2.2 Option 2: Prepare a debugging startup script.

(provided with chatgpt, but some issues exist for multiple gpus)

# debug_train.py
# Run with VSCode/Cursor debugger (single node, single process) like torchrun.
import os
import sys
import socket
from pathlib import Path


def find_free_port() -> int:
    """Pick an available local TCP port."""
    with socket.socket(socket.AF_INET, socket.SOCK_STREAM) as s:
        s.bind(("127.0.0.1", 0))
        return s.getsockname()[1]


def main():
    # ---- align with your bash variables ----
    config = "conf/config_debug.yaml"
    exp_dir = "exp/debug"
    gpus = "[0]"
    num_avg = "2"
    data = "data/partialspoof"
    data_type = "raw"  # "shard"

    # ---- resolve paths (optional but safer) ----
    repo_root = Path(__file__).resolve().parent
    train_py = repo_root / "wedefense" / "bin" / "train.py"
    if not train_py.exists():
        raise FileNotFoundError(f"Cannot find: {train_py}")

    train_data = repo_root / data / "train" / f"{data_type}.list"
    train_label = repo_root / data / "train" / "utt2lab"
    val_data = repo_root / data / "dev" / f"{data_type}.list"
    val_label = repo_root / data / "dev" / "utt2lab"

    # ---- torchrun-equivalent args ----
    master_addr = socket.gethostname()
    master_port = find_free_port()
    rdzv_endpoint = f"{master_addr}:{master_port}"

    # If you need checkpoint, set it here; else keep None
    checkpoint = None  # e.g. "exp/debug/ckpt.pt"

    # Build argv exactly like your command
    argv = [
        "torchrun",
        "--rdzv_backend=c10d",
        f"--rdzv_endpoint={rdzv_endpoint}",
        "--nnodes=1",
        "--nproc_per_node=1",
        str(train_py),
        "--config", config,
        "--exp_dir", exp_dir,
        "--gpus", gpus,
        "--num_avg", num_avg,
        "--data_type", data_type,
        "--train_data", str(train_data),
        "--train_label", str(train_label),
        "--val_data", str(val_data),
        "--val_label", str(val_label),
    ]
    if checkpoint:
        argv += ["--checkpoint", checkpoint]

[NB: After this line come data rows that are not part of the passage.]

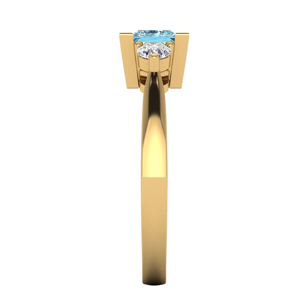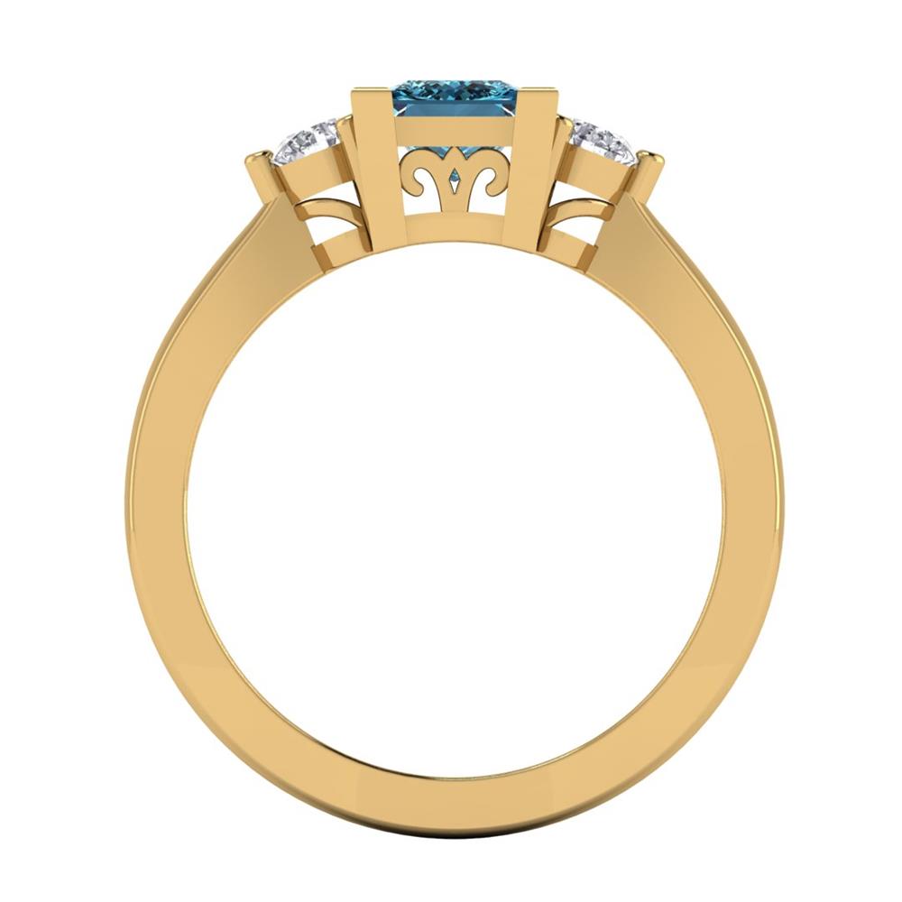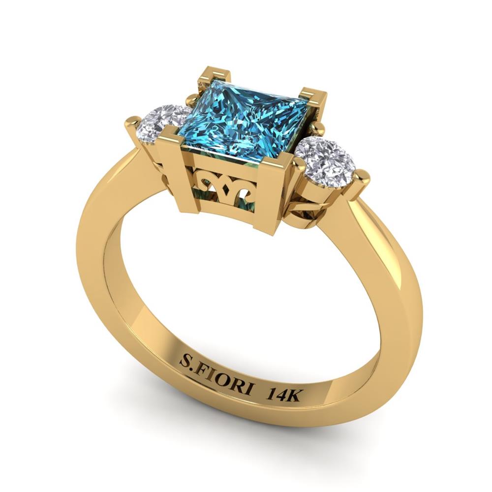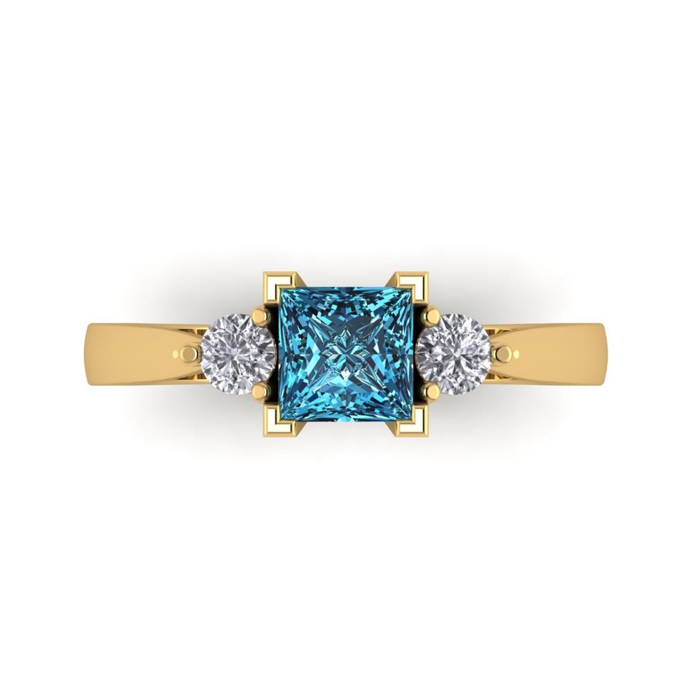 14K Gold Blue Diamond Enhanced Color Three Stone Ring Featuring 1.50 Cts Princess Shaped Blue Diamond Enhanced Color Surrounded by 0.28 Cts Round Brilliant Cut White Diamond
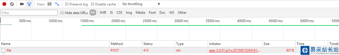 上傳文件的問題是在Windows桌面版本的Hipchat上發現的,不過因為與瀏覽器訪問的效果一致,我猜測后面一定是一個Web服務器,于是乎打開瀏覽器試著在聊天界面發送文件,果然是同樣的報錯,不過不同的是,我可以用現代瀏覽器的調試工具查看下請求的報錯內容,于是看到:
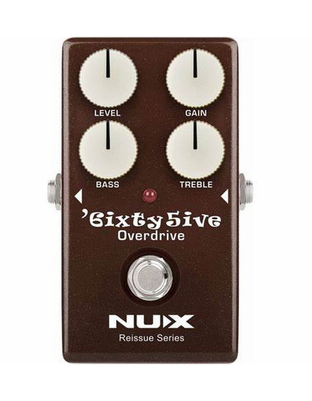 The NUX '6ixty5ive Overdrive pedal from our bestselling Reissue Series offers up the punchy clear tones of the Classic Black Panel Fender amps from the 60's. It's an easy-to-handle glassy overdrive that retains the characteristics of the guitar with great sustain and natural compression.

    # ---- IMPORTANT: call torch.distributed.run (what torchrun uses) ----
    # This keeps everything in a normal Python process so the debugger can attach.
    from torch.distributed.run import main as torchrun_main

    print("Launching with args:\n", " ".join(argv))
    # torchrun_main reads sys.argv
    sys.argv = argv
    torchrun_main()


if __name__ == "__main__":
    main()

[!NOTE] .ignore file will skip all files start with “debug.” Please remember to comment out this row if you want to keep track such files.